WHAT NEEDS TO BE DONE:
A faithful copy of the data is what is wanted, minus any pictures.

Saved data entries:
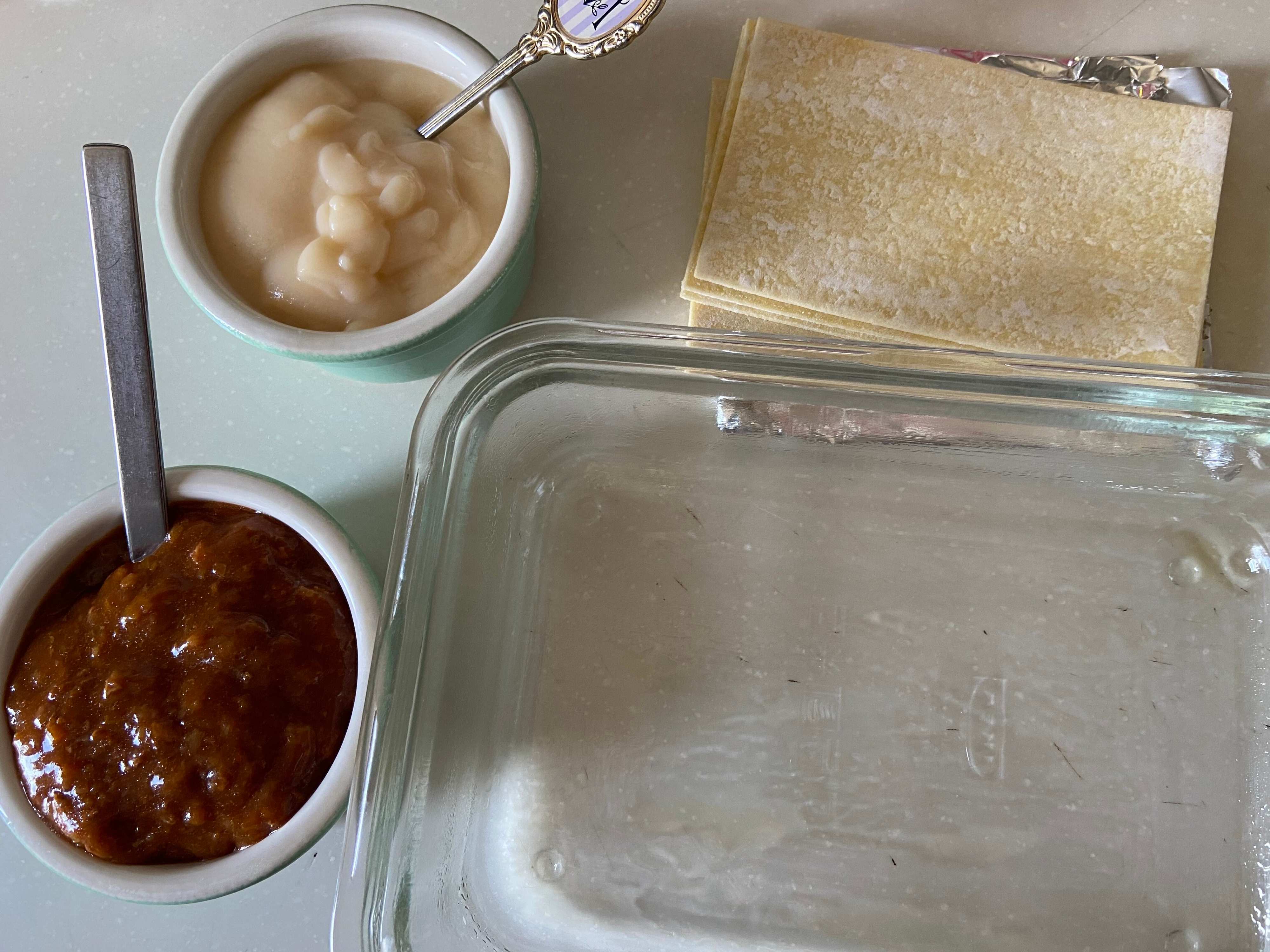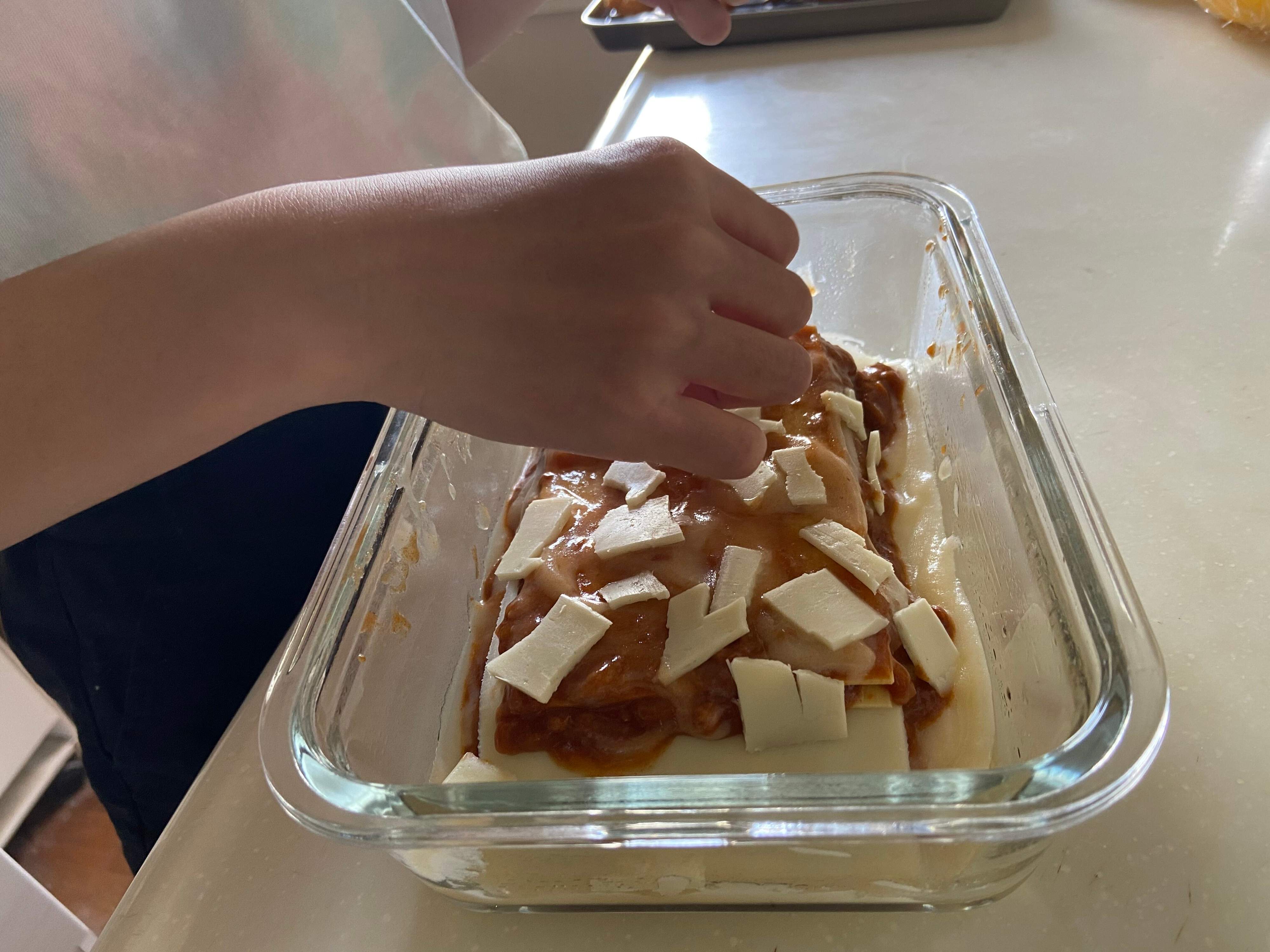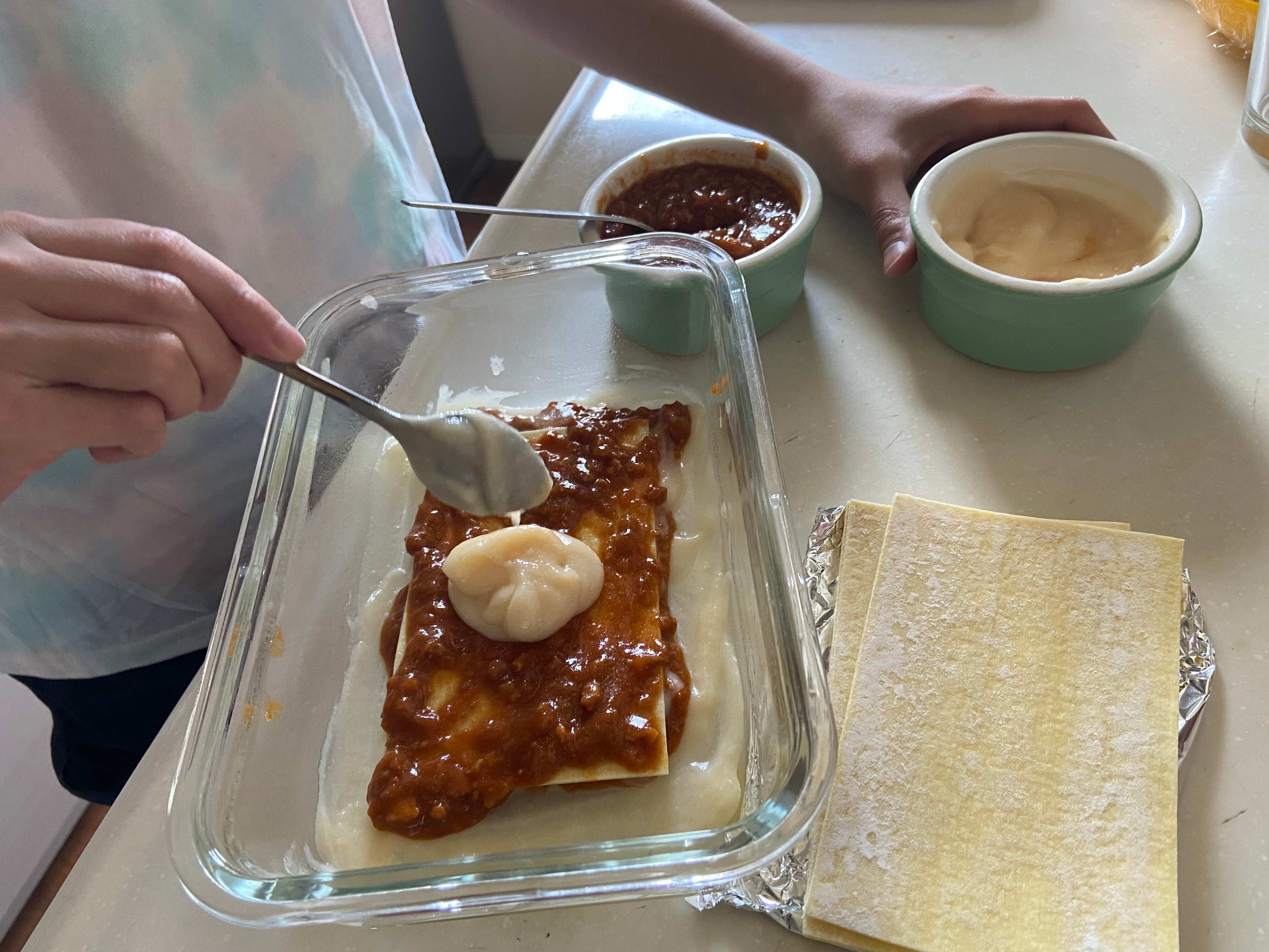 ホワイトソース、ボロネーゼソース、ラザニアの順に重ねていきます。ラザニアは重ねる前に水にくぐらせ粉を落とします。(ビシャビシャに濡れた状態でOK)
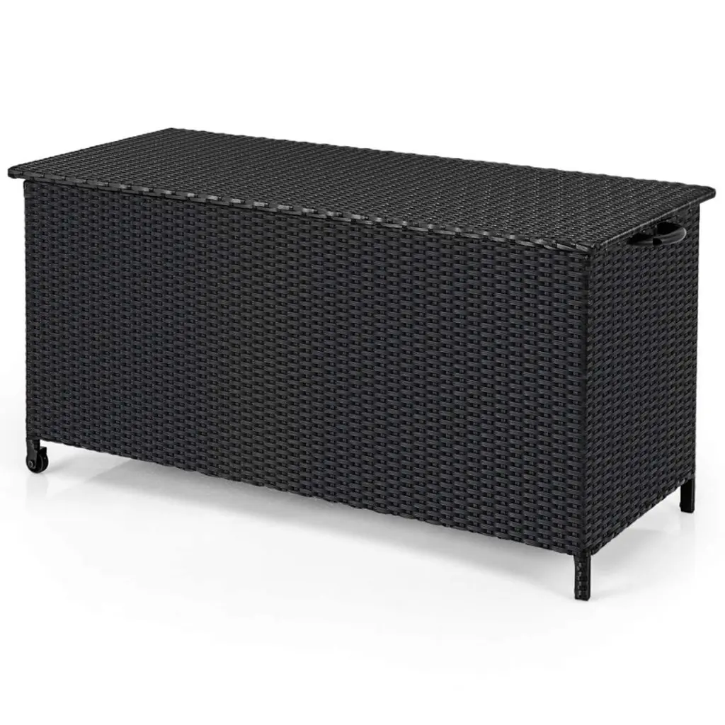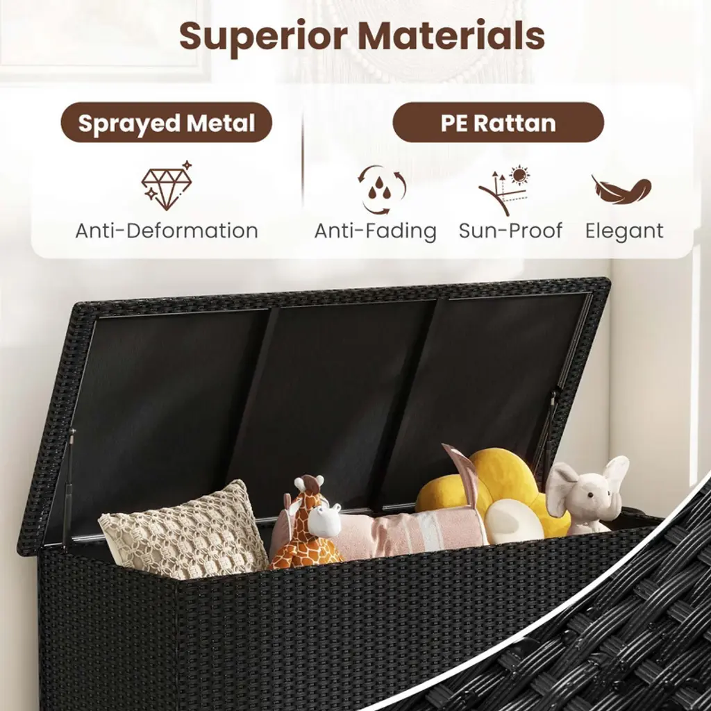 Costway 85 Gallon Rattan Deck Box With Waterproof Liner Universal Wheels & Gas Strut Black
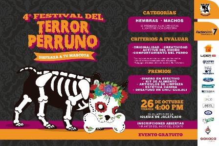 Además, el “Festival del terror perruno” se llevará a cabo en Jalatlaco, que ya es una tradición y parte de las actividades del Barrio, y que consiste en que las y los ciudadanos vistan a sus animales de compañía con atuendos alusivos al tradicional Día de Muertos en México, lo cual sin duda alguna genera ciudadanos más sensibles y participativos en el desarrollo de nuestra cultura y valores.
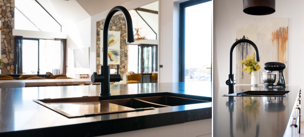 For example, in the main kitchen, they’ve opted for the Oliver Spectra Sink in a copper finish to match with the copper light pendants overhead, while the Oliver Essente Gooseneck Tap is in a black finish to flawlessly match with the black countertop.
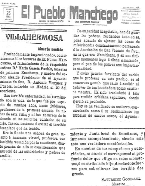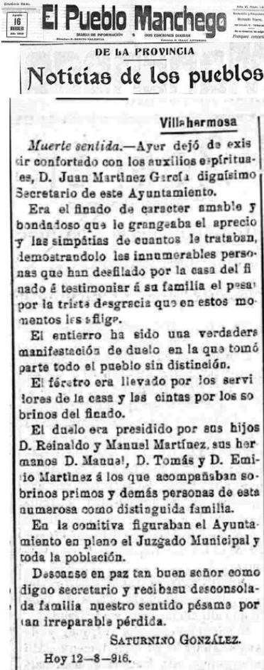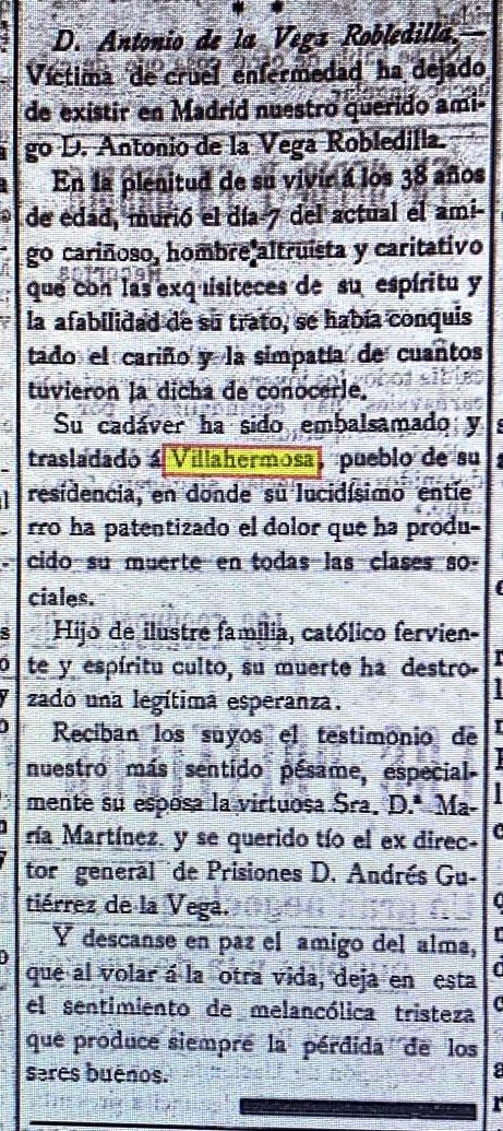 1916 Fallecimiento de don Antonio de la Vega Robredillo
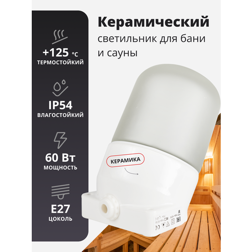 Светильник влагозащищенный, керамический, термостойкий предназначен для установки в бане и сауне. Светильник изготовлен с целью установки в агрессивной среде с высокими перепадами температуры и влажности, поэтому отлично подходит для установки в бане и сауне, а также в других помещениях с высокой влажностью (ванная, хамам, мансарда, балкон, сарай, подвал, кладовая) или на улице.
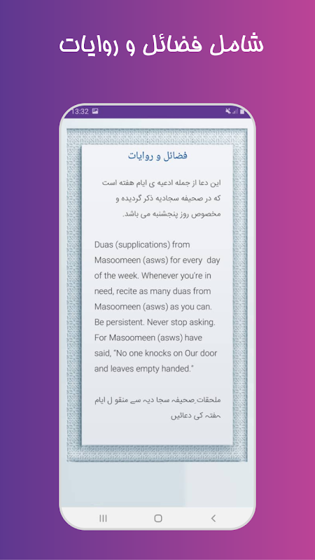 دعای روز دوشنبه منقول از امام سجاد (ع) در کتاب صحیفه سجادیه به همراه صوت و ترجمه فارسی روان و رابط گرافیکی زیبا و امکان اسکرول خودکار متن به همراه امکان بزرگنمایی متن.

SOLUTION TO THE EXERCISE:
 ホワイトソース、ボロネーゼソース、ラザニアの順に重ねていきます。ラザニアは重ねる前に水にくぐらせ粉を落とします。(ビシャビシャに濡れた状態でOK)
 Costway 85 Gallon Rattan Deck Box With Waterproof Liner Universal Wheels & Gas Strut Black
 Además, el “Festival del terror perruno” se llevará a cabo en Jalatlaco, que ya es una tradición y parte de las actividades del Barrio, y que consiste en que las y los ciudadanos vistan a sus animales de compañía con atuendos alusivos al tradicional Día de Muertos en México, lo cual sin duda alguna genera ciudadanos más sensibles y participativos en el desarrollo de nuestra cultura y valores.
 For example, in the main kitchen, they’ve opted for the Oliver Spectra Sink in a copper finish to match with the copper light pendants overhead, while the Oliver Essente Gooseneck Tap is in a black finish to flawlessly match with the black countertop.
 1916 Fallecimiento de don Antonio de la Vega Robredillo
 Светильник влагозащищенный, керамический, термостойкий предназначен для установки в бане и сауне. Светильник изготовлен с целью установки в агрессивной среде с высокими перепадами температуры и влажности, поэтому отлично подходит для установки в бане и сауне, а также в других помещениях с высокой влажностью (ванная, хамам, мансарда, балкон, сарай, подвал, кладовая) или на улице.
 دعای روز دوشنبه منقول از امام سجاد (ع) در کتاب صحیفه سجادیه به همراه صوت و ترجمه فارسی روان و رابط گرافیکی زیبا و امکان اسکرول خودکار متن به همراه امکان بزرگنمایی متن.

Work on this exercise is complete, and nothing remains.